Гэмфри не был особенно силен в алхимических терминах. Но он знал, что юпитер – это некий металл, который, по словам искушенных, используется для получения философской ртути, – самый настоящий, истинный металл, отец всех металлов.
Ньютон пристально вглядывался внутрь колбы.
– И растворитель поднимет его наверх, – произнес он так, словно реакция уже произошла. Бросился к своей тетради и принялся что-то быстро записывать.
– Можно мне посмотреть? – спросил Гэмфри. Ньютон нетерпеливо кивнул.
Гэмфри рискнул заглянуть внутрь колбы. В желтоватых флюидах покоилась сфера из какого-то металла. В нос ударил сильный запах. Гэмфри сразу узнал его – аммиак. Но что это за сверкающий вихрь? Распухающий на глазах, несущий неведомую угрозу.
– Исаак, – позвал Гэмфри, когда пламя удвоилось, утроилось, умножилось многократно. Он едва успел отскочить от скамьи. Из колбы вырвался столб пламени и прожег пространство как раз в том месте, где только что находилось лицо Гэмфри.
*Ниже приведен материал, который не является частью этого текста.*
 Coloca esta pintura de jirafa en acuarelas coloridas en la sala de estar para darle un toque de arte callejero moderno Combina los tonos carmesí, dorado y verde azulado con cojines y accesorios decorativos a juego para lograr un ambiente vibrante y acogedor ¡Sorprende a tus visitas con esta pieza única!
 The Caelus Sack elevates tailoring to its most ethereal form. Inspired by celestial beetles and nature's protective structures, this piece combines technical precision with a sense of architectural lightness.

Пламя росло, переливаясь из красного в синее, и рокотало с такой силой, что, казалось, стены лаборатории дрожат. Гэмфри вскрикнул, отворачиваясь от ужасающего огня. Он ослеп на мгновение: яркая вспышка хлестнула по глазам, и глаза горели, словно в них плеснули кислотой. Гэмфри отпрянул, налетел на стол, споткнулся и упал.
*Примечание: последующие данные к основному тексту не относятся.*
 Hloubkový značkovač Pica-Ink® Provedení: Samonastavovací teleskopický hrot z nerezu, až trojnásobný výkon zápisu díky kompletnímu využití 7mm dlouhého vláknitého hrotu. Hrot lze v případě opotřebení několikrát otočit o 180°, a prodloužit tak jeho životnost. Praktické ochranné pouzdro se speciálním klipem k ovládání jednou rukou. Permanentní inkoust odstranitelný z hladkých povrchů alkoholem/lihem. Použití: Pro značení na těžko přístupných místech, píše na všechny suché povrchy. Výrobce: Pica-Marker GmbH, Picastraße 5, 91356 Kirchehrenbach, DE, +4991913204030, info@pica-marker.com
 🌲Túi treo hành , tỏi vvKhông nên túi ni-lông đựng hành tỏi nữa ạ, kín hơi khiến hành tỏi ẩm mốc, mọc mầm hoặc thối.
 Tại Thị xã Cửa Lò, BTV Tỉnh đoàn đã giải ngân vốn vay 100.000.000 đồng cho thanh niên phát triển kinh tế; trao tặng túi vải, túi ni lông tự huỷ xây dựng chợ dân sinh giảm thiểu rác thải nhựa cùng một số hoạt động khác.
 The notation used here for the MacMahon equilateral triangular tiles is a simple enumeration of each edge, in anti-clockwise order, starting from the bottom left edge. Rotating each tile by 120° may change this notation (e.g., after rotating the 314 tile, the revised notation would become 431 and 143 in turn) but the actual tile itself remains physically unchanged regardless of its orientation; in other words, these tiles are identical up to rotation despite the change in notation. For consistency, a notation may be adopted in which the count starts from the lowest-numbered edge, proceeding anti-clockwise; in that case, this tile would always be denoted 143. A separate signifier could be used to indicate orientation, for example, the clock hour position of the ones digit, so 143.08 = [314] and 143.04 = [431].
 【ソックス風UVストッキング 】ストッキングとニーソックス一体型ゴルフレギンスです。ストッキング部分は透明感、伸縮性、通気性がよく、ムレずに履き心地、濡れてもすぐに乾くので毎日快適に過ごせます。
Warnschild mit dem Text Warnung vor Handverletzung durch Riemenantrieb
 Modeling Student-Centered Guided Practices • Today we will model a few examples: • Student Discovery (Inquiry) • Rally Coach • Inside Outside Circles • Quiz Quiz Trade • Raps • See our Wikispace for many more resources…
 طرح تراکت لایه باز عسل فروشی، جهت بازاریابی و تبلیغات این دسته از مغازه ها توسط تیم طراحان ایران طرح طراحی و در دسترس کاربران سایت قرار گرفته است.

Сильные руки подхватили его, он открыл глаза. Свечение стало ярче и походило на пламенеющий меч архангела. Гэмфри еще раз вскрикнул от ужаса и потерял сознание.
Когда Гэмфри очнулся, то обнаружил себя лежащим на земле, на прохладной и нежной траве. Красные точки, пляшущие перед глазами, постепенно тускнели. Изумленный, Гэмфри огляделся. Он был в саду, что окружал лабораторию Исаака. Над головой – спокойное голубое небо с клочьями облаков. Исаак сидел поблизости и неистово строчил в своей тетради. Воздух сотряс оглушительный взрыв.
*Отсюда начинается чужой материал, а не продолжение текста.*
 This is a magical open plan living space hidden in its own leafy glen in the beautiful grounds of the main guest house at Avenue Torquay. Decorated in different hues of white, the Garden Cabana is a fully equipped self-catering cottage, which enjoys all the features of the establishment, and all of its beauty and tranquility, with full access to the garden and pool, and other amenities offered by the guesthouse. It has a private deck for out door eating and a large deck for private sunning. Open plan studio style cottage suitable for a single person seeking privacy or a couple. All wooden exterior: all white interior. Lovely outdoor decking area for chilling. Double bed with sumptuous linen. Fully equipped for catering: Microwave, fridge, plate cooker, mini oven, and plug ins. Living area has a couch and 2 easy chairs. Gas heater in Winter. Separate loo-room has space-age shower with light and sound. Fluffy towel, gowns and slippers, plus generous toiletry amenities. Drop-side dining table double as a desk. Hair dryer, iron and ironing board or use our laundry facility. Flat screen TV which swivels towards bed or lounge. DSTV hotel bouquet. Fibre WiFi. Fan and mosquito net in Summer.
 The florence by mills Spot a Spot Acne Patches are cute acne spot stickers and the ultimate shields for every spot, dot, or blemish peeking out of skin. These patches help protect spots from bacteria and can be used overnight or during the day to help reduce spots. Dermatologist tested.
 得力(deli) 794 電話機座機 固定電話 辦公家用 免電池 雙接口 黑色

Пламя, разворачиваясь змеем, прорвалось сквозь крышу лаборатории Исаака, устремляясь высоко в небо, подобно светящейся лестнице Иакова. [1]
– Что это? – простонал Гэмфри, радуясь, что вновь слышит свой собственный голос. Значит, жив.
– Растворитель поднял его наверх, – как ребенку, пояснил Ньютон. – Но откуда же я мог знать? Это все меняет.
– Это пламя…
Ньютон яростно кивнул головой:
– Да! Да! Воздух… он распадается на компоненты. Свечение, высвобожденное философской ртутью! Гэмфри, сам светоносный эфир предстал перед нашими глазами. Мы прикоснулись к животворящей силе материи. Ты понимаешь, что это значит?
– Да, – слабым голосом отвечал Гэмфри, бросив взгляд в сторону лаборатории, – это значит, что у твоего дома снесло крышу и нужна новая.
1715
Ангел королей
Людовик вздрогнул, когда сквозь толстое стекло до него долетел треск мушкетных выстрелов. Вслед за ними толпа неожиданно взорвалась новыми криками. Филипп, стоявший у окна, заплакал.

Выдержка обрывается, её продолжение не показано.